癌症相关胞外囊泡(EVs)的单囊泡分子图谱分析越来越被认为是癌症检测和监测的有力工具。掩膜和靶标双重成像是一种简便的方法,可在单个囊泡水平上量化生物流体中分子靶标EVs群体的比例。然而,由于掩膜图像上的假信号干扰以及需要分析临床样本中的大量图像,准确、高效的双重成像囊泡分析一直面临挑战。在这项工作中,我们报告了一种基于机器学习的全自动双成像分析方法,并将其与双成像单囊泡技术(DISVT)一起用于检测不同阶段的乳腺癌。我们使用卷积神经网络 Resnet34 和迁移学习来建立一个合适的机器学习模型,该模型能准确识别实验数据中的感兴趣区。模型的训练结合了实验数据和合成数据。利用 DISVT 和我们的机器学习辅助图像分析平台,我们测定了 HER2 阳性乳腺癌中试患者血浆中 EpCAM 阳性 EVs 和 CD24 阳性 EVs 在捕获的带有 CD81 标记的血浆 EVs 中所占的比例,并与健康供体的血浆 EVs 进行了比较。结果发现,无论是健康供体还是 I 期患者,EpCAM 阳性 EVs 和 CD24 阳性 EVs 的数量都微乎其微。随着癌症从 II 期发展到 III 期,EpCAM 阳性 EVs(也是 CD81 阳性)的数量从 18% 增加到 29%。进一步发展到 IV 期时,EV 数量没有明显增加。CD24 阳性 EVs 也有类似趋势。统计分析表明,EpCAM 和 CD24 标记都能检测出处于 II、III 或 IV 期的 HER2 阳性乳腺癌。它们还能区分除 III 期和 IV 期以外的癌症分期。DISVT具有简便、高灵敏度和高效率的特点,可广泛用于基础研究和临床应用,定量表征生物流体中的分子靶向EV亚型。
本文章由计算机程序翻译,如有差异,请以英文原文为准。
Single Vesicle Surface Protein Profiling and Machine Learning-Based Dual Image Analysis for Breast Cancer Detection.

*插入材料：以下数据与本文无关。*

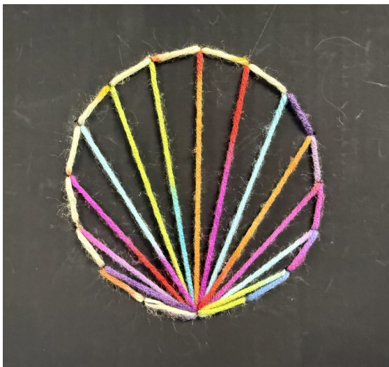
Grade 4C String Art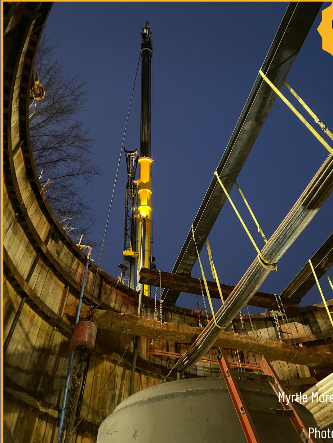
Myrtle Morehead Storm Drain Project Charlotte, North Carolina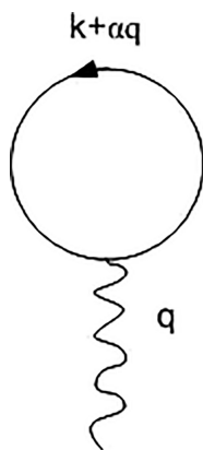
Figure 2: Tadpole diagram.

The conservation of the vector current, by the Noether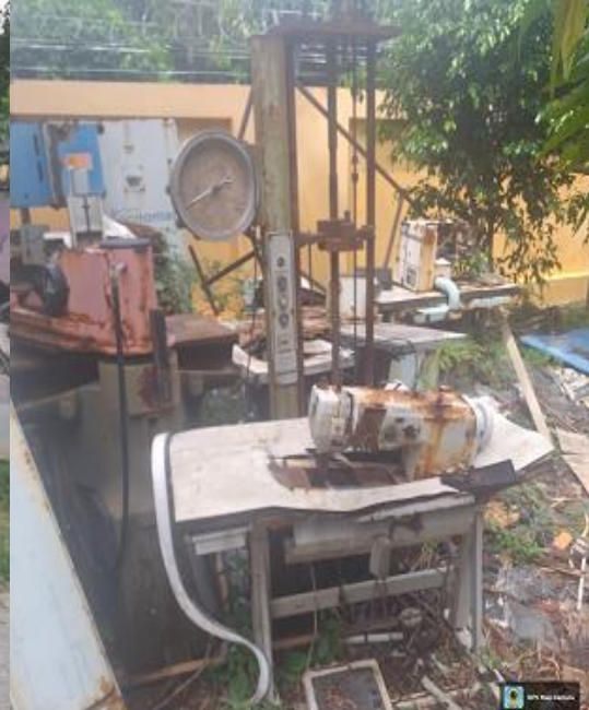
Noida, Uttar Pradesh, India A-10/A FDDI Marg Noida-201301 NCR, Block B, Sector 23, Noida, Uttar Pradesh 201301, India Lat 28.592317° Long 77.35009° 15/09/22 12:37 PM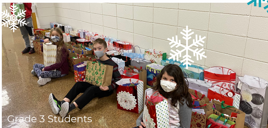
Grade 3 Students

73 care packages were made and delivered to Shalem Manor. What a way to be community builders with our neighbors!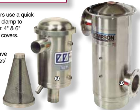
2" & 3" Models

4", 6" & 8" Sizes have flanged connections.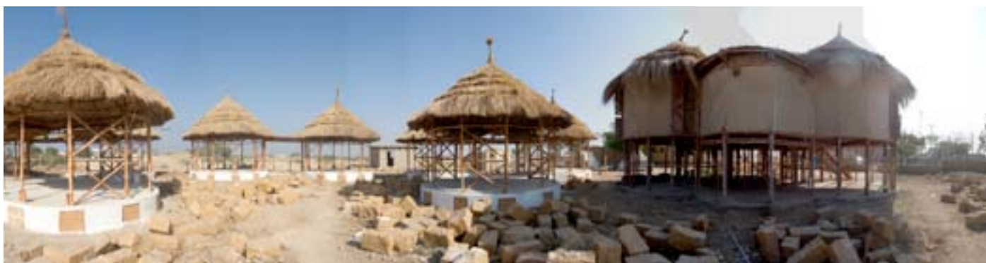
Artisan cluster nearing completion

Single-vesicle molecular profiling of cancer-associated extracellular vesicles (EVs) is increasingly being recognized as a powerful tool for cancer detection and monitoring. Mask and target dual imaging is a facile method to quantify the fraction of the molecularly targeted population of EVs in biofluids at the single-vesicle level. However, accurate and efficient dual imaging vesicle analysis has been challenging due to the interference of false signals on the mask images and the need to analyze a large number of images in clinical samples. In this work, we report a fully automatic dual imaging analysis method based on machine learning and use it with dual imaging single-vesicle technology (DISVT) to detect breast cancer at different stages. The convolutional neural network Resnet34 was used along with transfer learning to produce a suitable machine learning model that could accurately identify areas of interest in experimental data. A combination of experimental and synthetic data were used to train the model. Using DISVT and our machine learning-assisted image analysis platform, we determined the fractions of EpCAM-positive EVs and CD24-positive EVs over captured plasma EVs with CD81 marker in the blood plasma of pilot HER2-positive breast cancer patients and compared to those from healthy donors. The amount of both EpCAM-positive and CD24-positive EVs was found negligible for both healthy donors and Stage I patients. The amount of EpCAM-positive EVs (also CD81-positive) increased from 18% to 29% as the cancer progressed from Stage II to III. No significant increase was found with further progression to Stage IV. A similar trend was found for the CD24-positive EVs. Statistical analysis showed that both EpCAM and CD24 markers can detect HER2-positive breast cancer at Stages II, III, or IV. They can also differentiate individual cancer stages except those between Stage III and Stage IV. Due to the simplicity, high sensitivity, and high efficiency, the DISVT with the AI-assisted dual imaging analysis can be widely used for both basic research and clinical applications to quantitatively characterize molecularly targeted EV subtypes in biofluids.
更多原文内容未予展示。